Liczby

Co mówią, a czego nie mówią, dane o religijności Polaków?

Każdorazowy przegląd kościelnych statystyk nieodłącznie kojarzy się z mającym długie wąsy humorem o lekarzu, przekazującym pacjentowi dwie wiadomości: dobrą i złą. W zależności od przyjętego klucza podobnie można je interpretować. Jednym potwierdzą tezę o pełzającym kryzysie, innym o mającej się nieźle wyznaniowej twierdzy. Tu chciałbym zwrócić uwagę na jeden aspekt opublikowanych wczoraj danych.

Są, mimo wielu szczegółów, dość ogólne i wymagają doprecyzowania przynajmniej na dwóch poziomach.
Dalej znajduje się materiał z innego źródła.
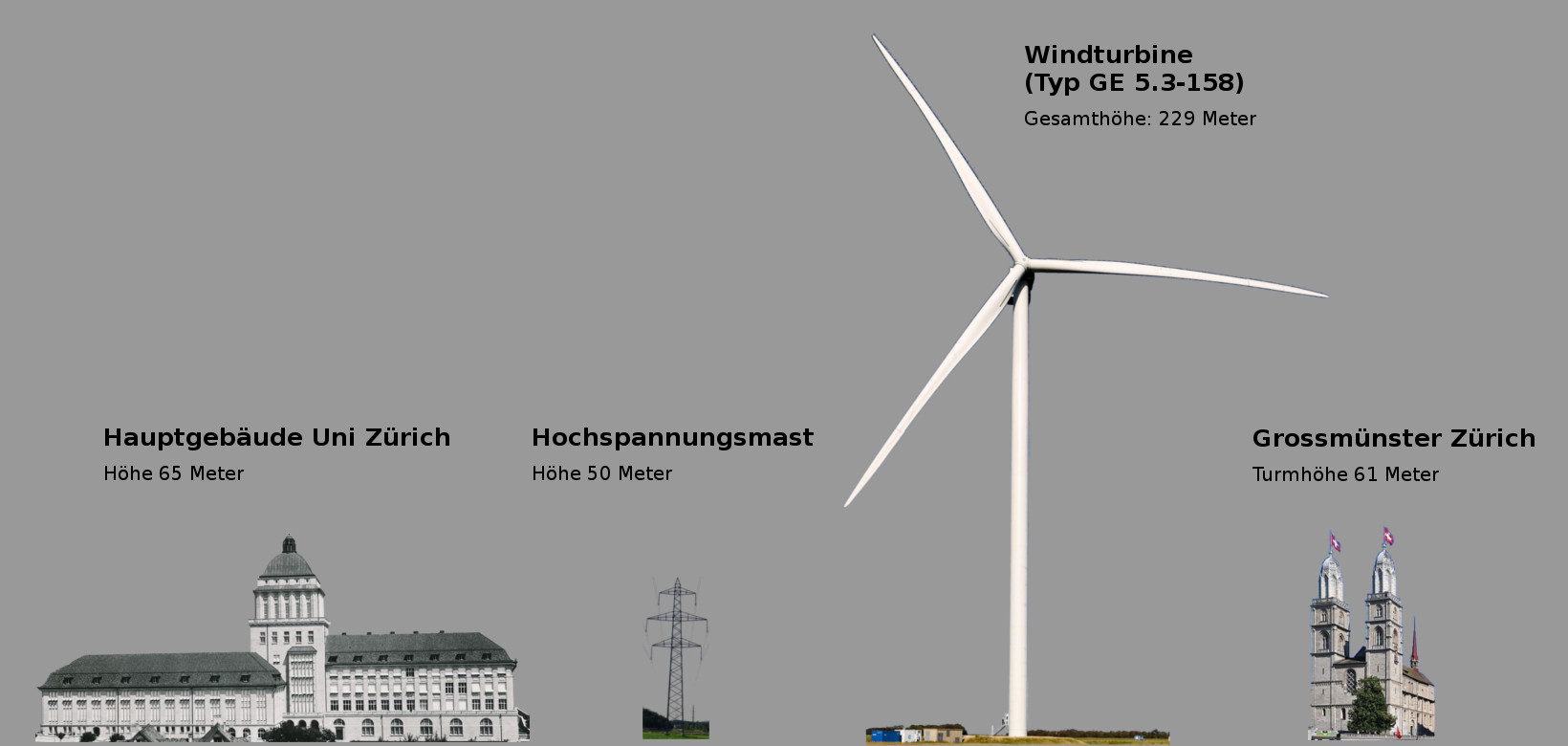 Heutige Windturbinen erreichen Höhen von 230 Metern und überragen damit alle heute in der Schweiz existierenden Bauten. Die meisten Hochspannungsmasten sind weniger als 50 Meter, Seilbahnstützen weniger als 100 Meter hoch.

Po pierwsze ludzie określający siebie jako głęboko wierzący. Na jakiej podstawie, wedle jakich kryteriów, tę kategorię utworzono. Czym innym bowiem jest subiektywne odczucie (mogę czuć się świetnym księdzem, a nim nie być), czym innym zaś przyjęcie pewnych kryteriów. Takich jak częstsze niż w każdą niedzielę uczestnictwo we Mszy świętej, systematyczna spowiedź, zaangażowanie w grupie apostolskiej, troska o rozwój duchowy. Można dopisać więcej. Zatem głęboko wierzący, bo tak czują czy głęboko wierzący, bo jego subiektywne odczucie zostało w jakiś sposób zweryfikowane (jeśli kategorię głębi da się zweryfikować).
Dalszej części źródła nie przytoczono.